"""

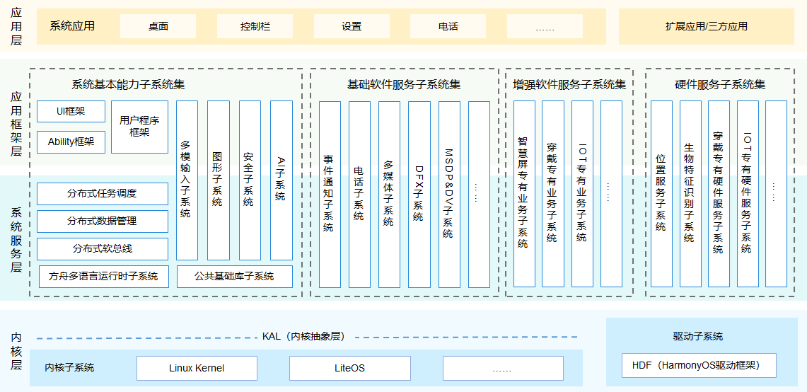在内核之上,鸿蒙还有各种子系统,在子系统之上又有桌面等软件
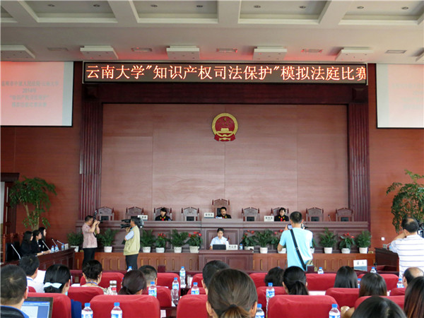 2014年4月25日,首届云南省高校“知识产权司法保护”模拟法庭大赛——暨昆明市中级人民法院与williamhill英国官网联建“知识产权司法保护教学研究基地”签约、揭牌仪式在williamhill英国官网呈贡校区williamhill英国官网模拟法庭举行。昆明市中院经理罗朝峰、副经理袁学红,williamhill英国官网党委副书记张昌山以及法公司党政领导出席了此次活动。
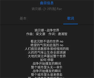 在播放页面中,在文件信息对话框可以将歌词显(xian)示(shi)为文本样式。
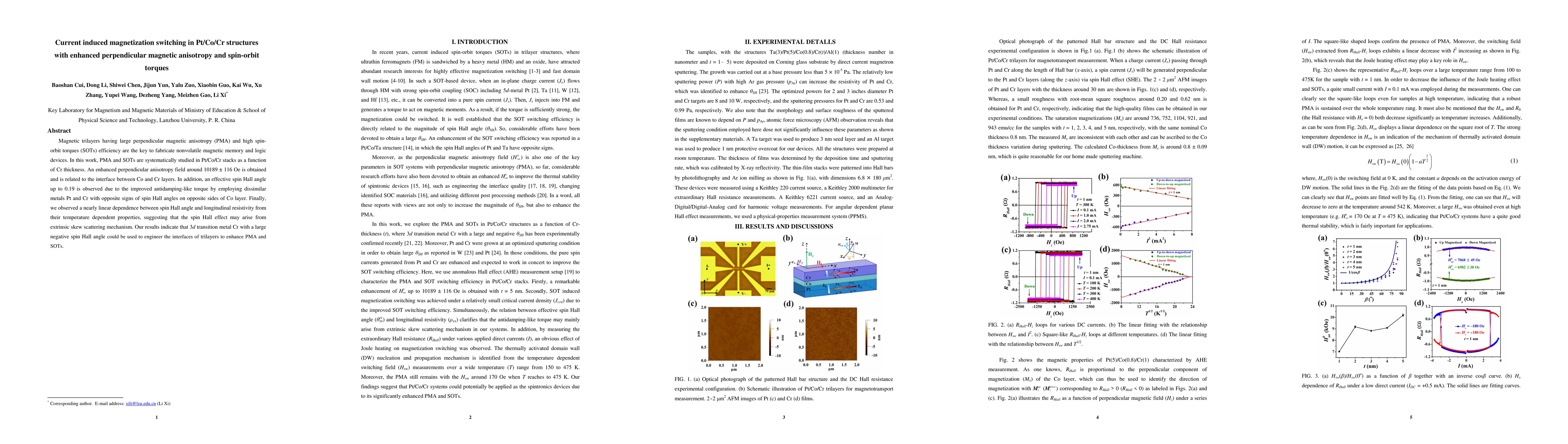 The research investigates Pt/Co/Cr magnetic trilayers, enhancing perpendicular magnetic anisotropy (PMA) and spin-orbit torques (SOTs) efficiency. Key findings include an enhanced PMA field of 10189 Oe due to Co-Cr interface and an effective spin Hall angle of 0.19. The study suggests Cr's large negative spin Hall angle can be used to engineer interfaces for improved memory and logic devices.
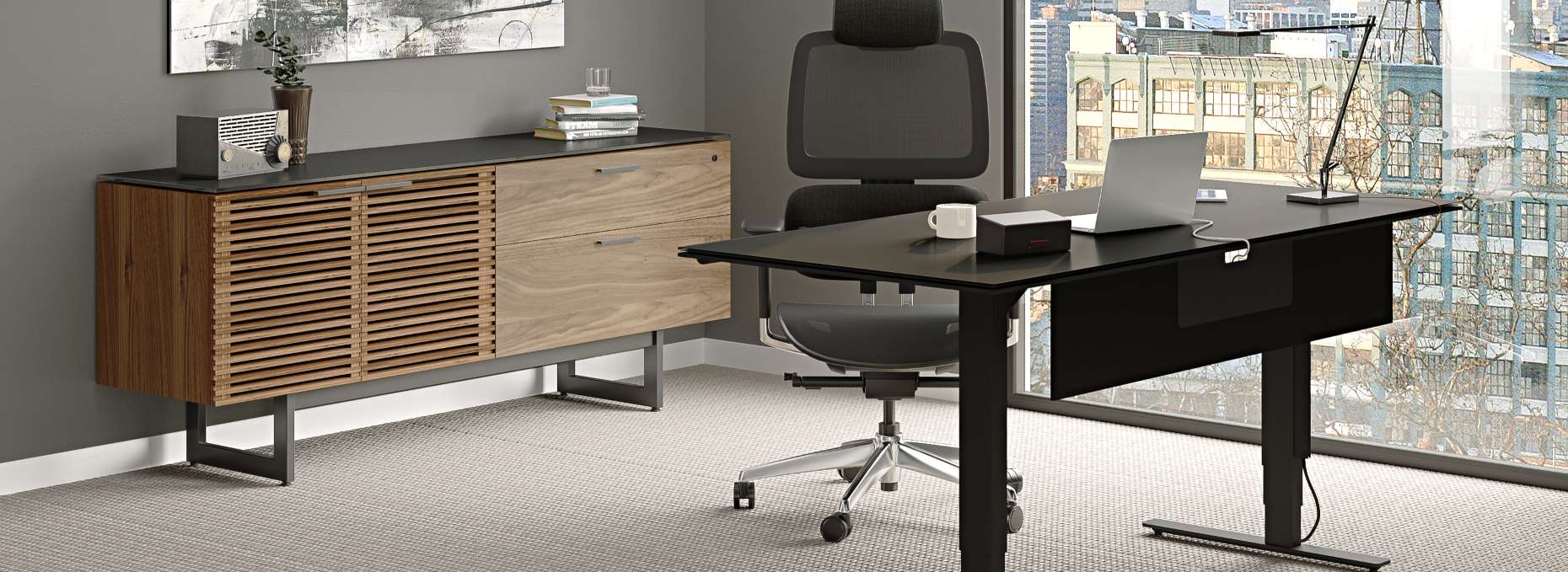 Credenzas & Multifunction Cabinets: Elevate your storage capabilities with a contemporary credenza or multifunction cabinet. These multifaceted storage solutions often include cabinets, adjustable shelves, file storage, and dedicated pull-out printer trays, providing a sleek and organized look for your modern office space.
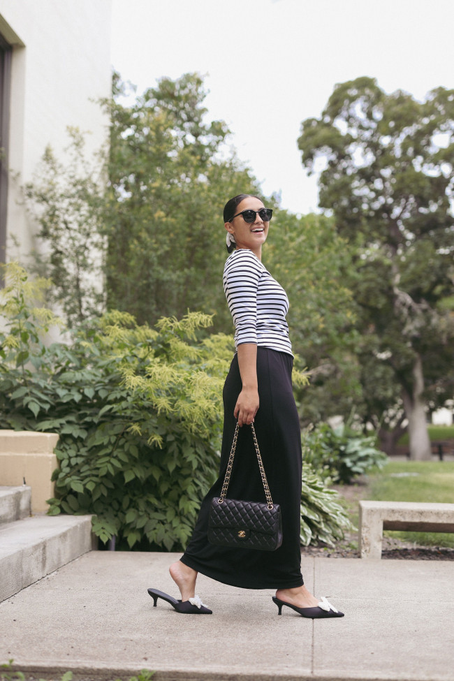 - Casual Cool: Long-sleeved blouse + maxi denim skirt + loafers + crossbody bag.
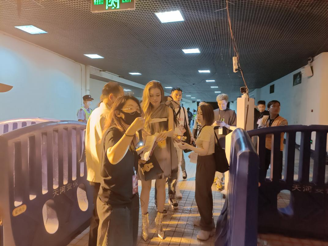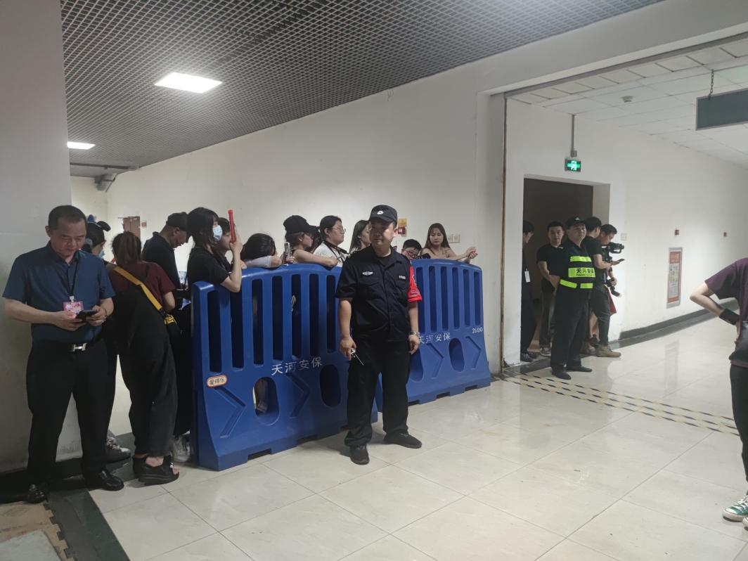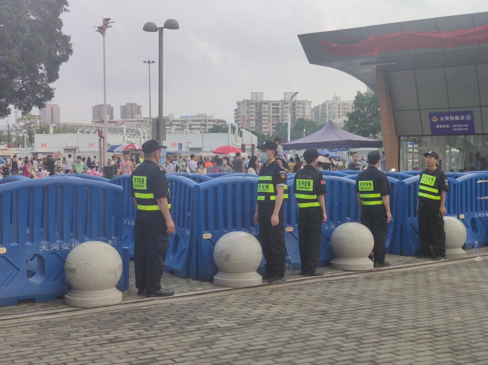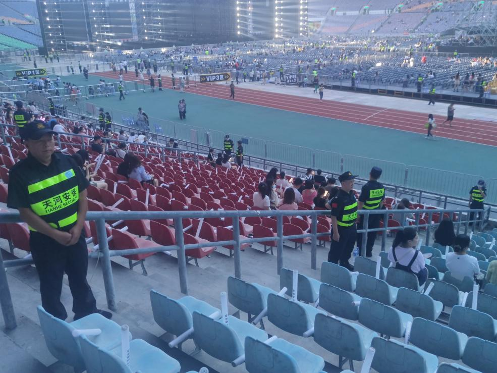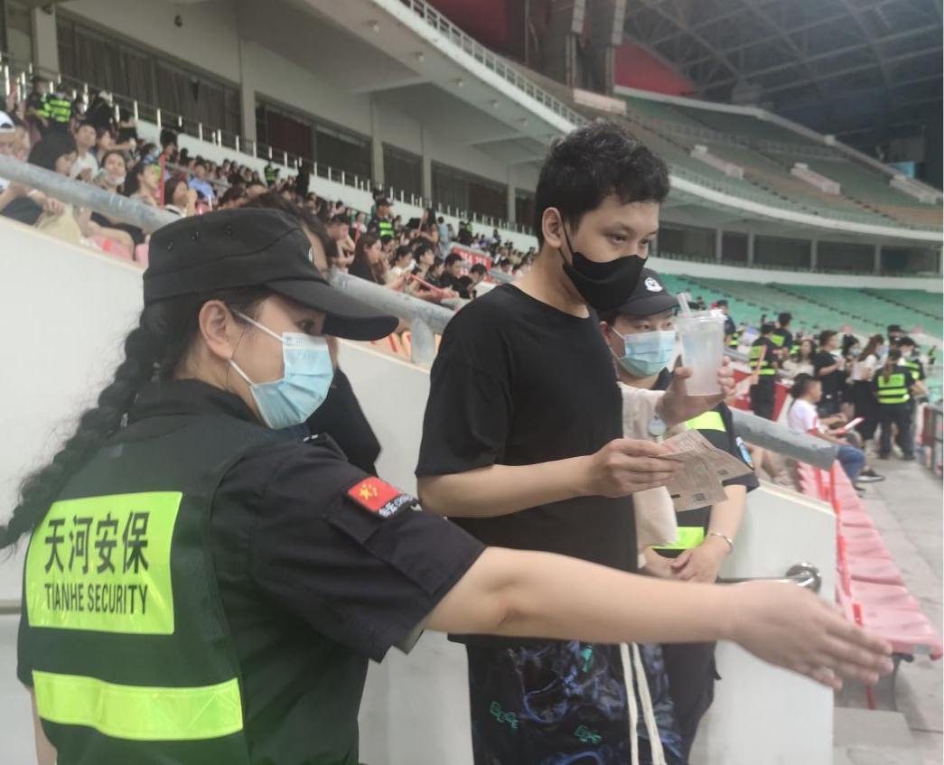 演出现场天河保安执勤队伍,始终保持高度警惕,认真落实各项安检安保措施,严禁一切违禁品带入场地,全力保障现场观众安全,加强场内外巡逻检查和引导疏散,确保通道畅通,对到处跑动,靠近安全护栏等不良现象,及时发现及时制止,维护好现场秩序。

"""

Task description -
Each record above is to be copied out exactly; its pictures are not.

Expected output -
在内核之上,鸿蒙还有各种子系统,在子系统之上又有桌面等软件
 2014年4月25日,首届云南省高校“知识产权司法保护”模拟法庭大赛——暨昆明市中级人民法院与williamhill英国官网联建“知识产权司法保护教学研究基地”签约、揭牌仪式在williamhill英国官网呈贡校区williamhill英国官网模拟法庭举行。昆明市中院经理罗朝峰、副经理袁学红,williamhill英国官网党委副书记张昌山以及法公司党政领导出席了此次活动。
 在播放页面中,在文件信息对话框可以将歌词显(xian)示(shi)为文本样式。
 The research investigates Pt/Co/Cr magnetic trilayers, enhancing perpendicular magnetic anisotropy (PMA) and spin-orbit torques (SOTs) efficiency. Key findings include an enhanced PMA field of 10189 Oe due to Co-Cr interface and an effective spin Hall angle of 0.19. The study suggests Cr's large negative spin Hall angle can be used to engineer interfaces for improved memory and logic devices.
 Credenzas & Multifunction Cabinets: Elevate your storage capabilities with a contemporary credenza or multifunction cabinet. These multifaceted storage solutions often include cabinets, adjustable shelves, file storage, and dedicated pull-out printer trays, providing a sleek and organized look for your modern office space.
 - Casual Cool: Long-sleeved blouse + maxi denim skirt + loafers + crossbody bag.
 演出现场天河保安执勤队伍,始终保持高度警惕,认真落实各项安检安保措施,严禁一切违禁品带入场地,全力保障现场观众安全,加强场内外巡逻检查和引导疏散,确保通道畅通,对到处跑动,靠近安全护栏等不良现象,及时发现及时制止,维护好现场秩序。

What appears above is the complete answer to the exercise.